Do not repeat pictures. Repeat exactly the lines of the listing below from its first line through the line with "Portrait de femme trois quart, en buste Artiste".

◇ ◇ ◇

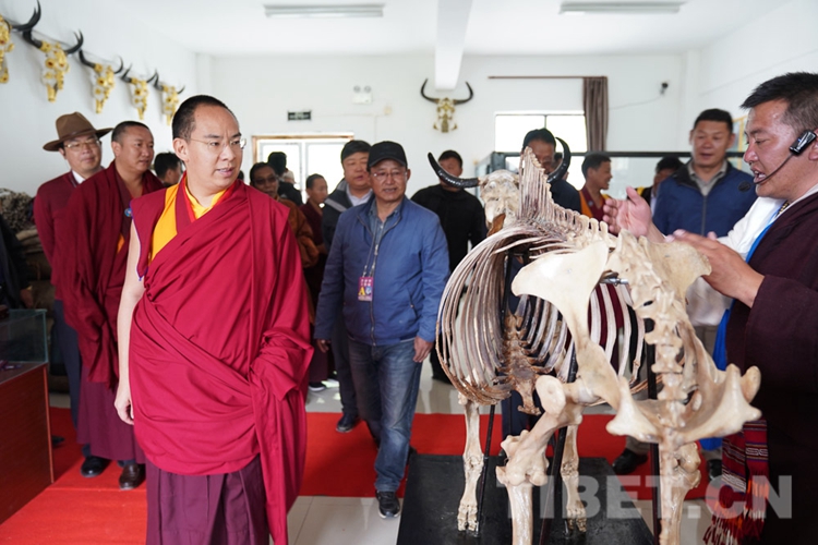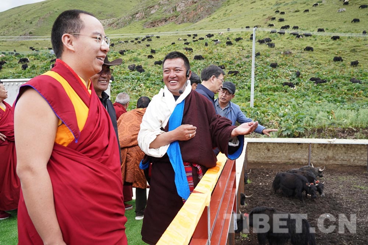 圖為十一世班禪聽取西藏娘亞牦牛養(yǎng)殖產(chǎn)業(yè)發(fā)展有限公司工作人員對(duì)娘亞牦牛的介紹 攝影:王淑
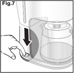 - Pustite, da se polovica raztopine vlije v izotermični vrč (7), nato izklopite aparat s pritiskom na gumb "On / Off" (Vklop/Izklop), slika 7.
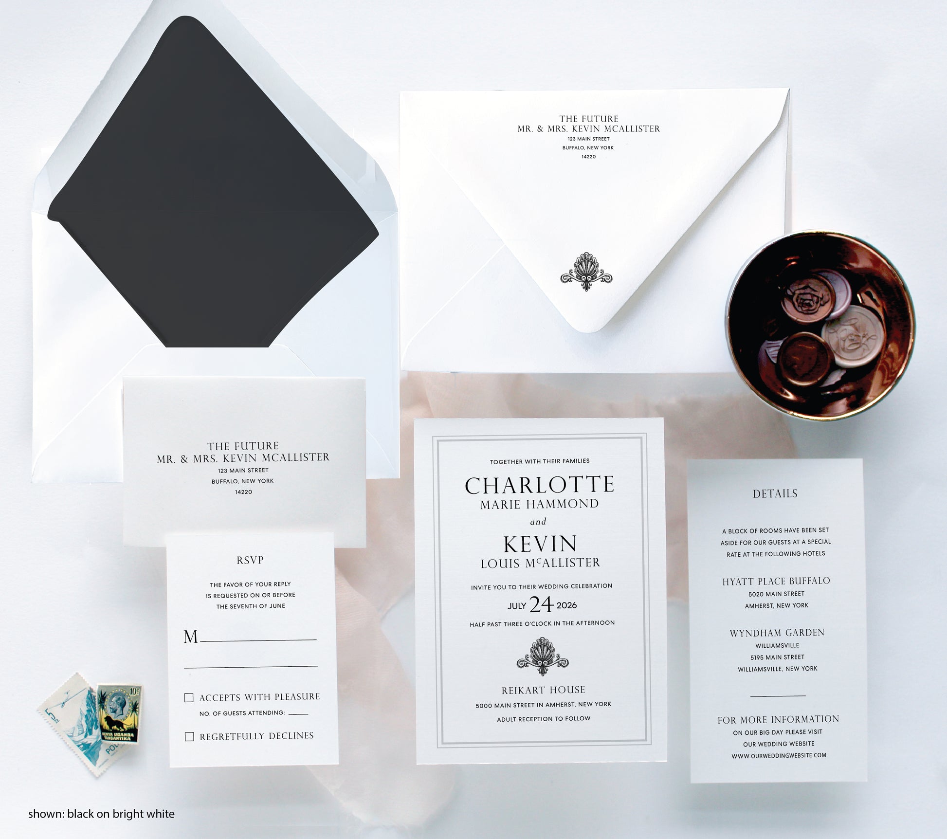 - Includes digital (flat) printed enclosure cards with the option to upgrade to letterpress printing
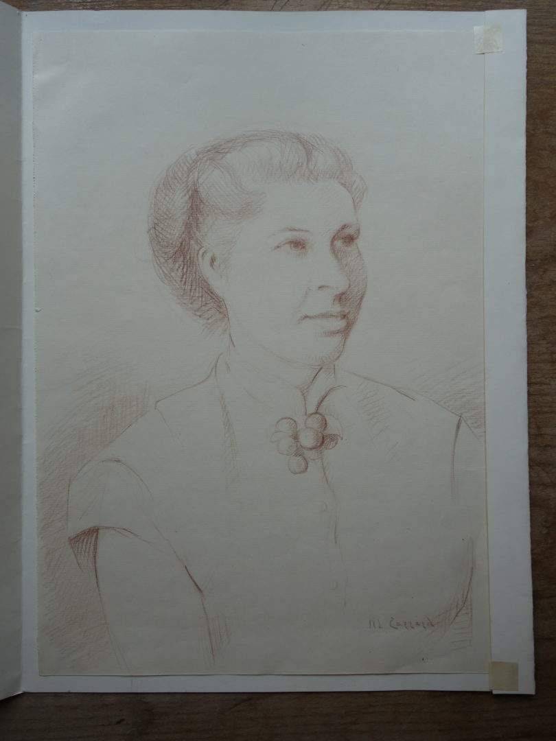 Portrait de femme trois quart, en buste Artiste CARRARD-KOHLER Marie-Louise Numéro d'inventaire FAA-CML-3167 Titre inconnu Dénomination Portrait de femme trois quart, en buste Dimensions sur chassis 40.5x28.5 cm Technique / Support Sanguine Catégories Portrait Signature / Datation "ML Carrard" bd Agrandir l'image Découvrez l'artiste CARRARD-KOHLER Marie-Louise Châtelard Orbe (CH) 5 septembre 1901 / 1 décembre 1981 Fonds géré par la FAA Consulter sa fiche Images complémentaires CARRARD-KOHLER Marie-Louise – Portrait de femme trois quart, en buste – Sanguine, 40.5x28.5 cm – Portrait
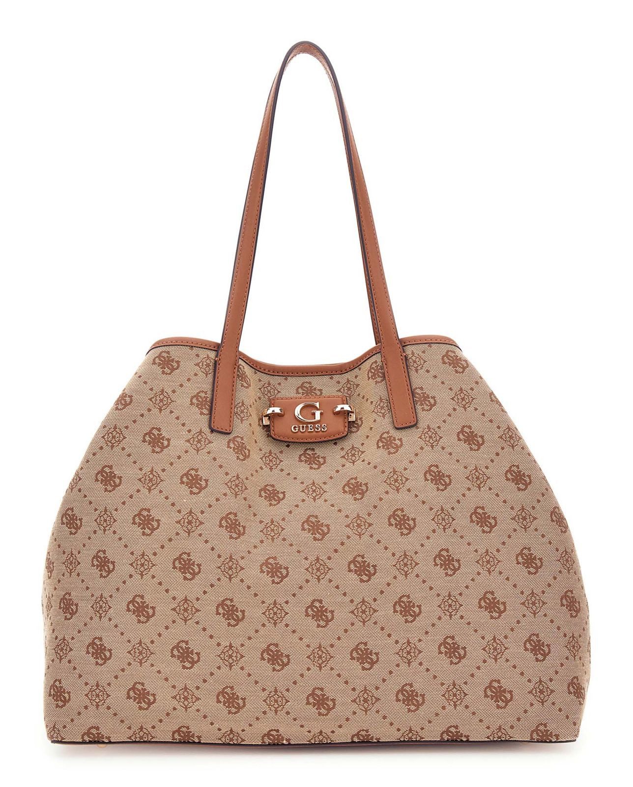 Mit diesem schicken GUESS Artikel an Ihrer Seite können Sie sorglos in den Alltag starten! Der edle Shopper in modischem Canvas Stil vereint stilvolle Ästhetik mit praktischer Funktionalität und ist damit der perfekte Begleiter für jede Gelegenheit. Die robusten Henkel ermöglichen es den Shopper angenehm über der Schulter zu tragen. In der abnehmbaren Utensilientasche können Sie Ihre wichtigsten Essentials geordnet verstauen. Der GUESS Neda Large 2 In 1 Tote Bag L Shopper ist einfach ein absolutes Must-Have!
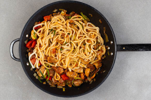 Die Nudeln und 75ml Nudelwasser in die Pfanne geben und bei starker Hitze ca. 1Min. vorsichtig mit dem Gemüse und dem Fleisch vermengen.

◇ ◇ ◇

Response ::
 圖為十一世班禪聽取西藏娘亞牦牛養(yǎng)殖產(chǎn)業(yè)發(fā)展有限公司工作人員對(duì)娘亞牦牛的介紹 攝影:王淑
 - Pustite, da se polovica raztopine vlije v izotermični vrč (7), nato izklopite aparat s pritiskom na gumb "On / Off" (Vklop/Izklop), slika 7.
 - Includes digital (flat) printed enclosure cards with the option to upgrade to letterpress printing
 Portrait de femme trois quart, en buste Artiste CARRARD-KOHLER Marie-Louise Numéro d'inventaire FAA-CML-3167 Titre inconnu Dénomination Portrait de femme trois quart, en buste Dimensions sur chassis 40.5x28.5 cm Technique / Support Sanguine Catégories Portrait Signature / Datation "ML Carrard" bd Agrandir l'image Découvrez l'artiste CARRARD-KOHLER Marie-Louise Châtelard Orbe (CH) 5 septembre 1901 / 1 décembre 1981 Fonds géré par la FAA Consulter sa fiche Images complémentaires CARRARD-KOHLER Marie-Louise – Portrait de femme trois quart, en buste – Sanguine, 40.5x28.5 cm – Portrait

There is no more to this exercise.